## What needs to be done
Leaving pictures aside, set down each line exactly, from the first line of the data to the line with "- L'offerta dello", both included.

--- START ---

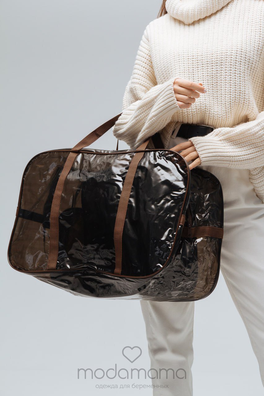 Сумка для роддома из тонированной ПВХ-плёнки для упаковки детских и взрослых вещей с ручками из плотного текстильного материала. После родов её удобно взять с собой в бассейн, фитнес-зал или летом на пляж. 54*33*24 см.
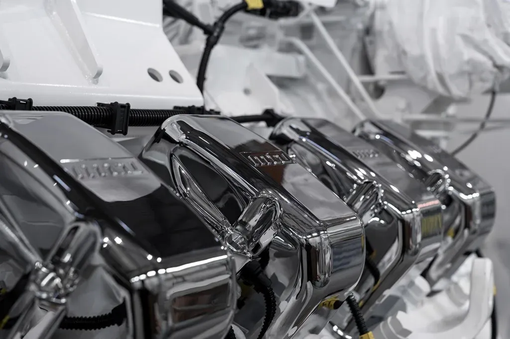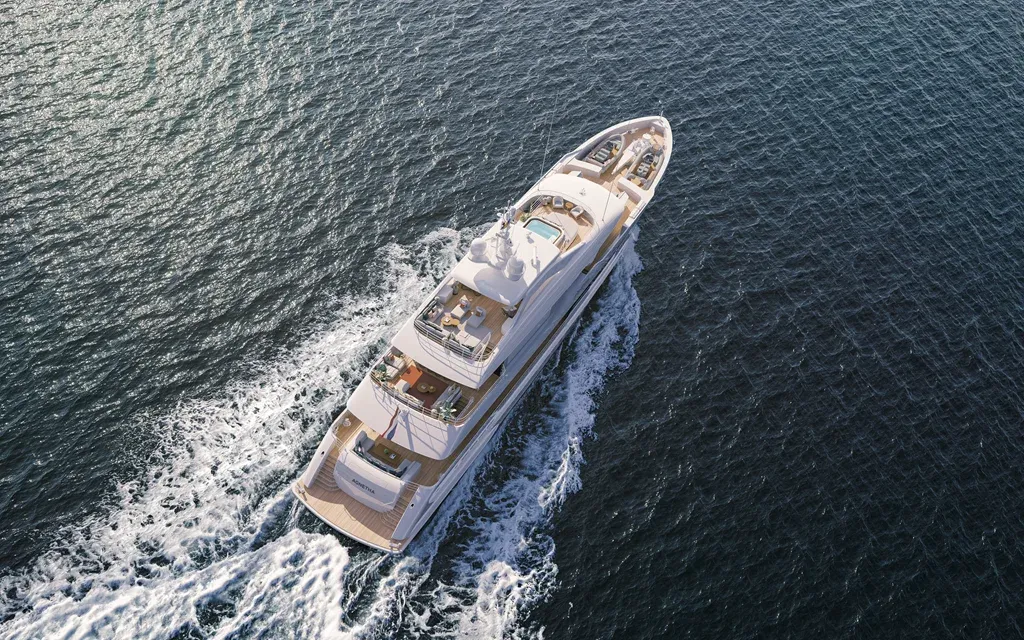 Pod povrchem je tato jachta dílem inženýrství, poskytující výjimečný výkon. Její vysoce efektivní a pohodlný trup Fast Displacement, v kombinaci se dvěma motory MTU8V4000 M63 (IMO Tier III), umožňuje dosáhnout maximální rychlosti 15,5 uzlů. Je navržena tak, aby bezpečně plula ve všech mořských podmínkách, což z ní činí ideální modrou motorovou jachtu pro plavby kamkoliv.
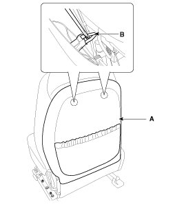 10. After removing the hog-ring clips (B) on the front of seat back and remove the seat back cover (A).
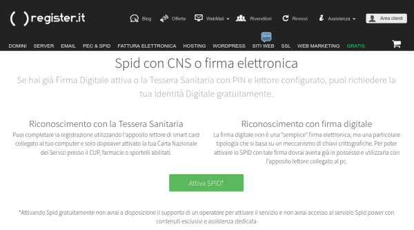 - L'offerta dello SPID gratuito è accostata all'offerta di servizi accessori a pagamento, in modo un po' confuso.
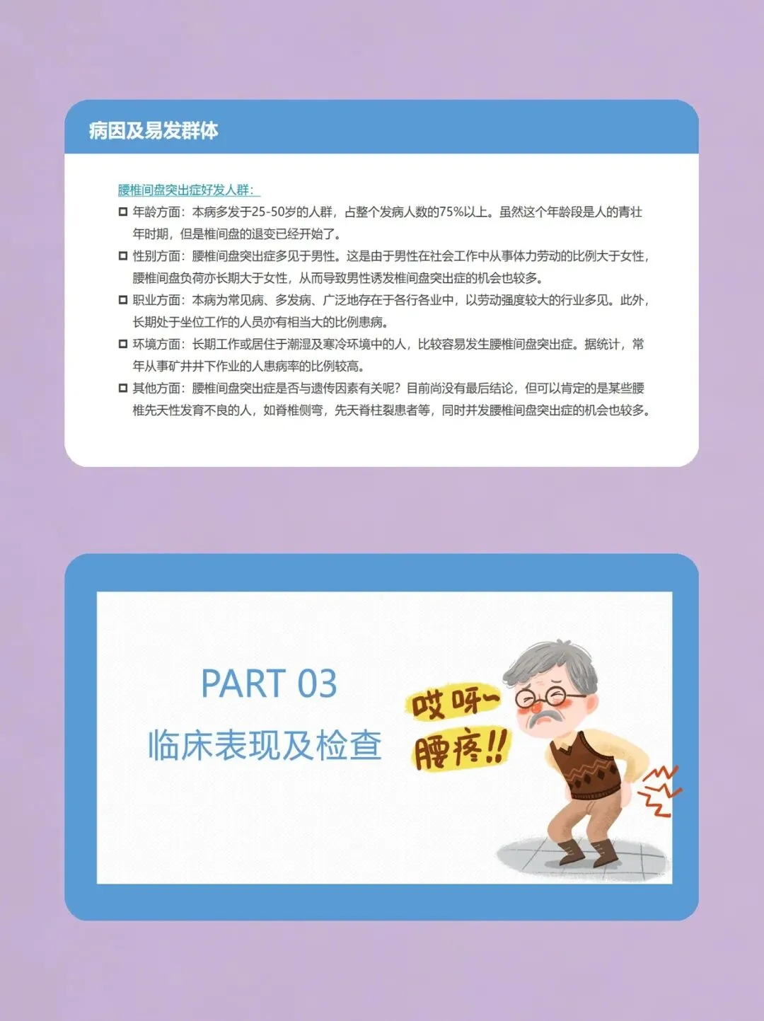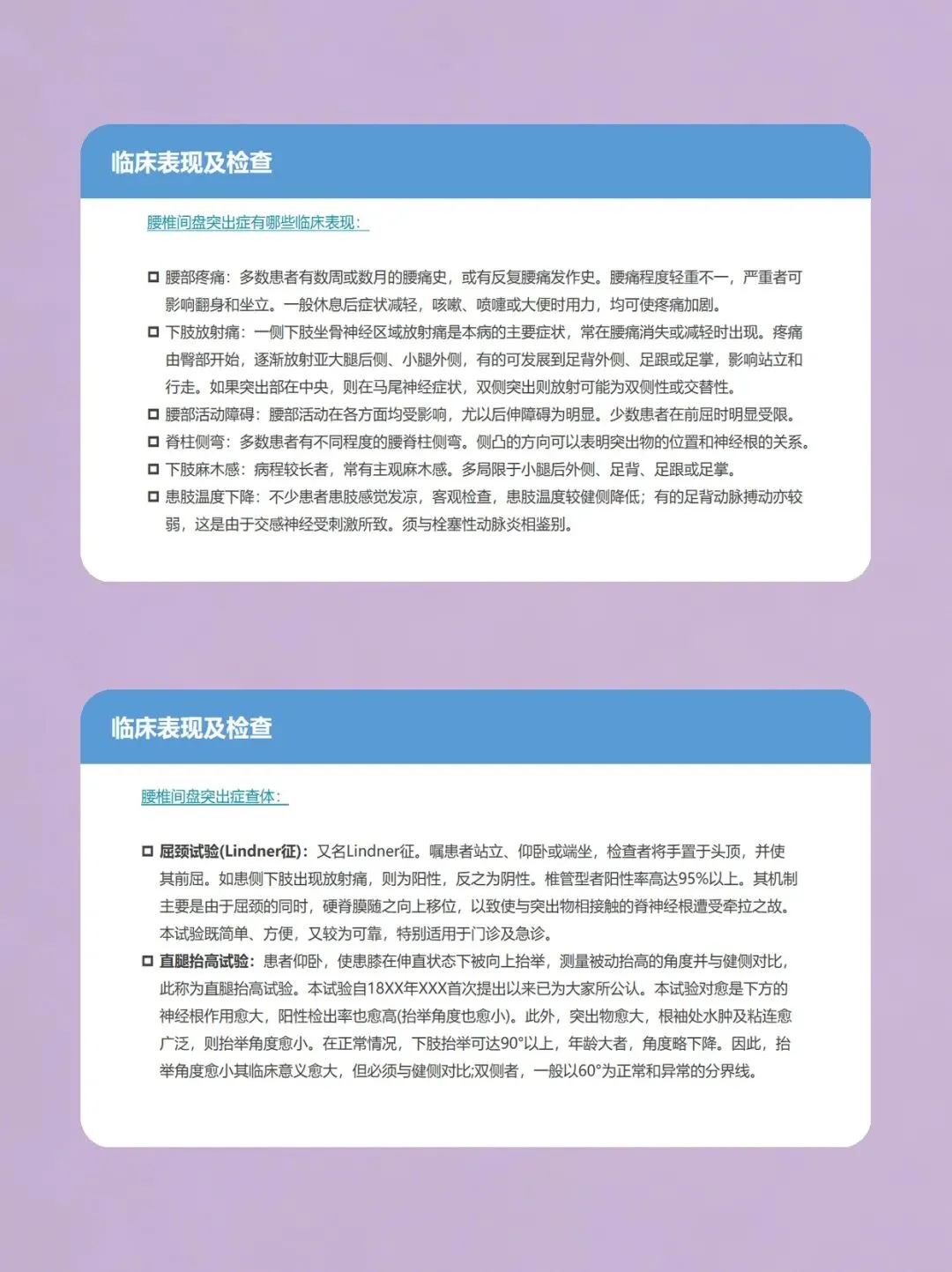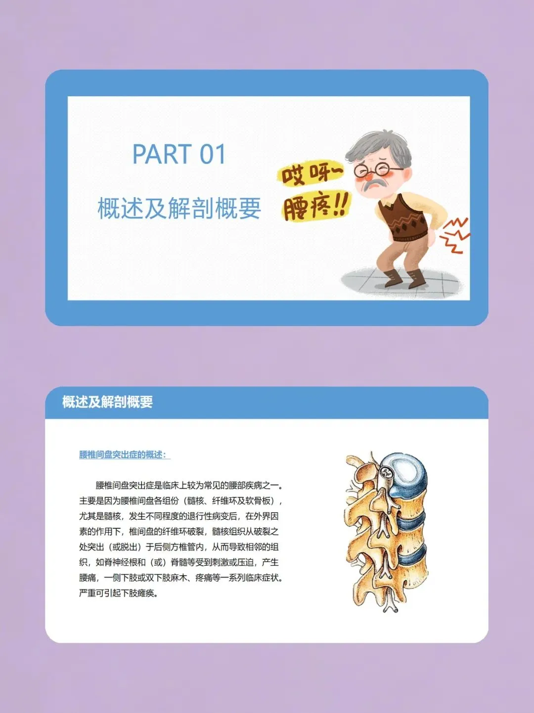 腰椎间盘突出症是临床上较为常见的腰部疾病之一。主要是因为腰椎间盘各组份(髓核、纤维环及软骨板),尤其是髓核,发生不同程度的退行性病变后,在外界因素的作用下,椎间盘的纤维环破裂,髓核组织从破裂之处突出(或脱出)于后侧方椎管内,从而导致相邻的组织,如脊神经根和(或)脊髓等受到刺激或压迫,产生腰痛,一侧下肢或双下肢麻木、疼痛等一系列临床症状。严重可引起下肢瘫痪。
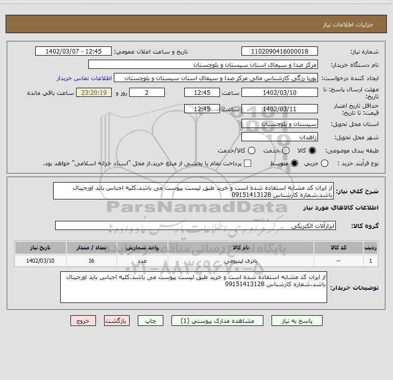 نام دستگاه خریدار:مرکز صدا و سیمای استان سیستان و بلوچستان
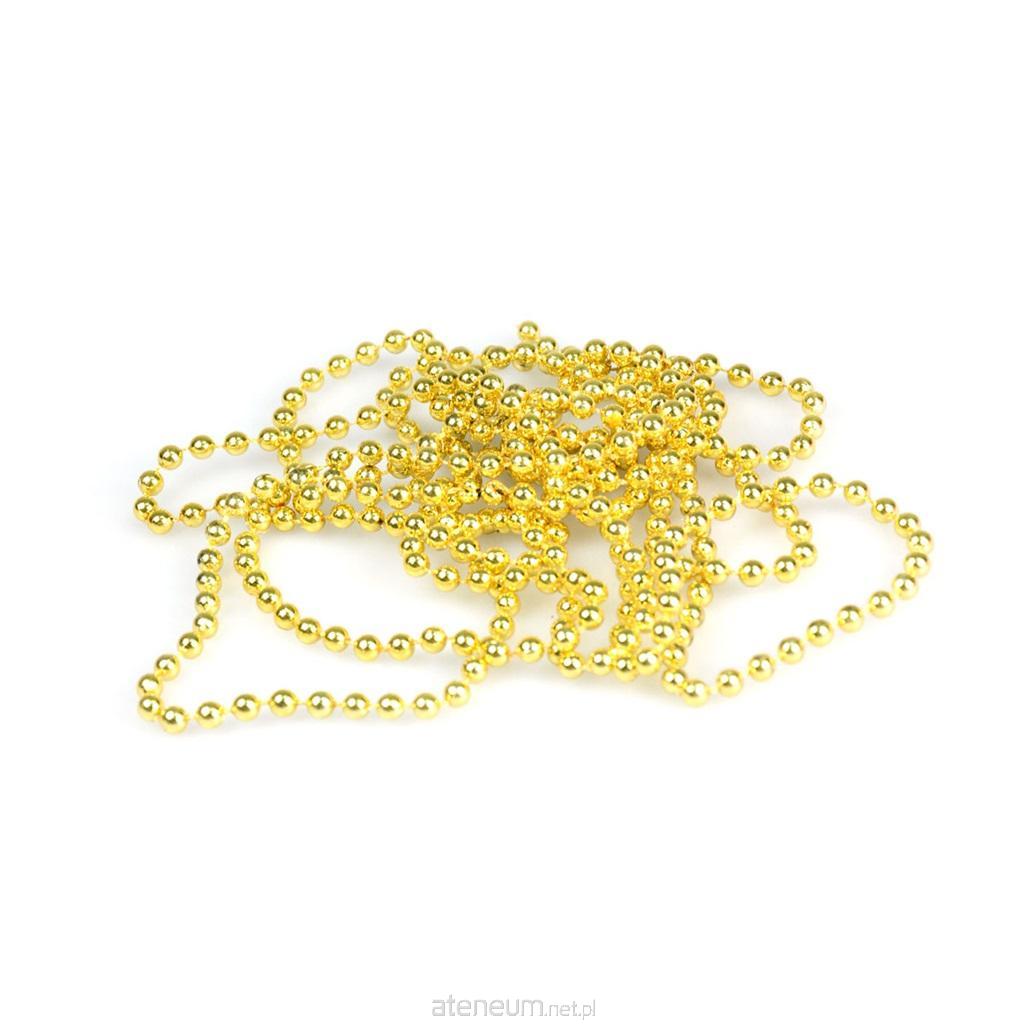 Łańcuch perełki - dekoracja choinkowa, długość ok. 270 cm. Średnica pojedynczej perełki ok. 4 mm. Kolor złoty.
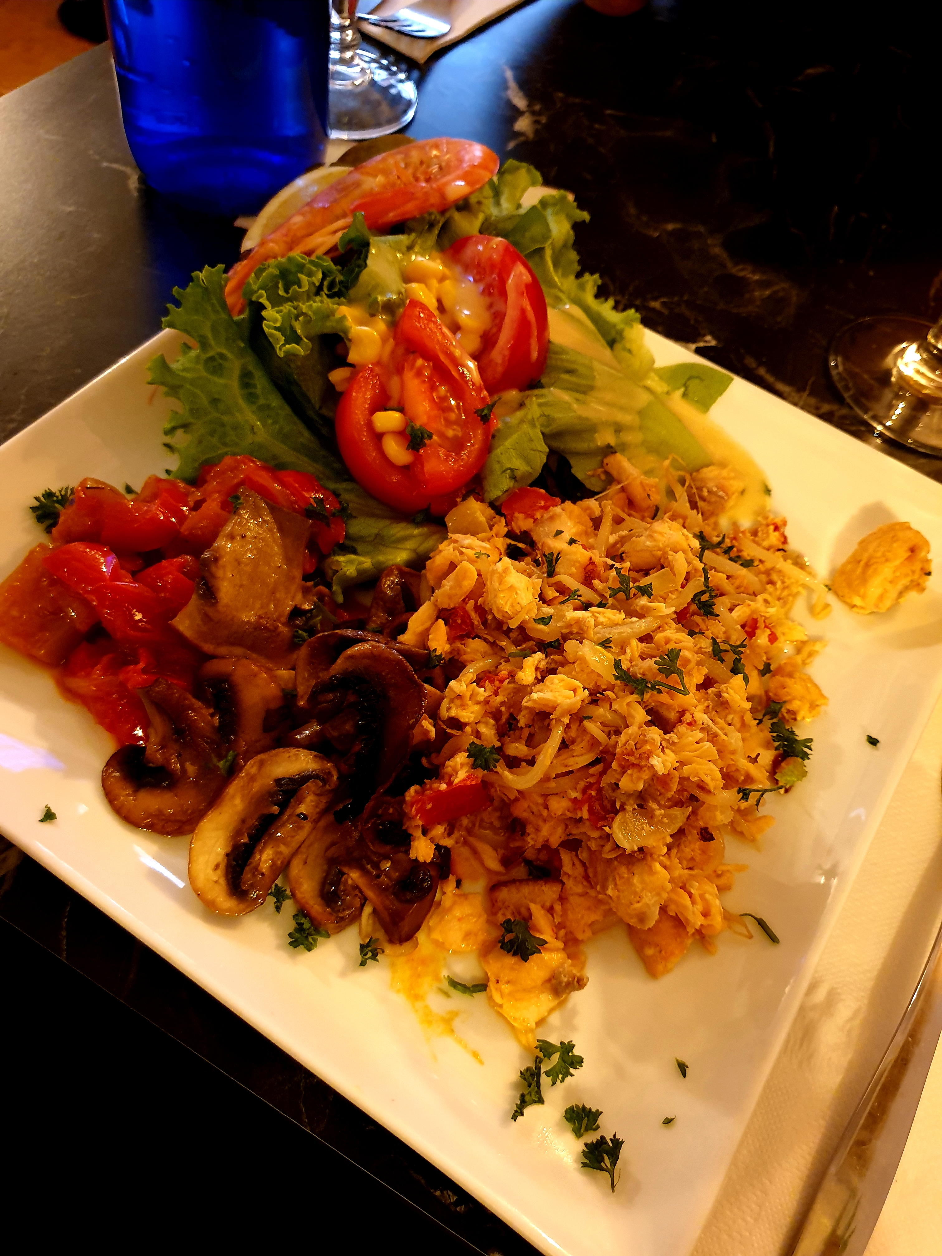 Une table réservée sur le pouce, deux Spritz Limoncello commandés puis deux Pleine forme saumon et volaille.... déçus des plats, saumon pas grillé, soja en boîte pas grillé ... les deux mélangés n'apportent aucun sens au plat si pas revenus ensemble (malgré ce que promet la carte), champignons gorgés d'eau, salade dont le sable encore présent croustillait sous la dent et la gambas cuite mais froide n'apporte aussi aucun goût sauf du rêve. Le décor est sympa et les serveuses de bonne volonté. On a quand même laissé un pourboire pour la petite jeune serveuse.

--- END ---

## Solution to this exercise
 Сумка для роддома из тонированной ПВХ-плёнки для упаковки детских и взрослых вещей с ручками из плотного текстильного материала. После родов её удобно взять с собой в бассейн, фитнес-зал или летом на пляж. 54*33*24 см.
 Pod povrchem je tato jachta dílem inženýrství, poskytující výjimečný výkon. Její vysoce efektivní a pohodlný trup Fast Displacement, v kombinaci se dvěma motory MTU8V4000 M63 (IMO Tier III), umožňuje dosáhnout maximální rychlosti 15,5 uzlů. Je navržena tak, aby bezpečně plula ve všech mořských podmínkách, což z ní činí ideální modrou motorovou jachtu pro plavby kamkoliv.
 10. After removing the hog-ring clips (B) on the front of seat back and remove the seat back cover (A).
 - L'offerta dello SPID gratuito è accostata all'offerta di servizi accessori a pagamento, in modo un po' confuso.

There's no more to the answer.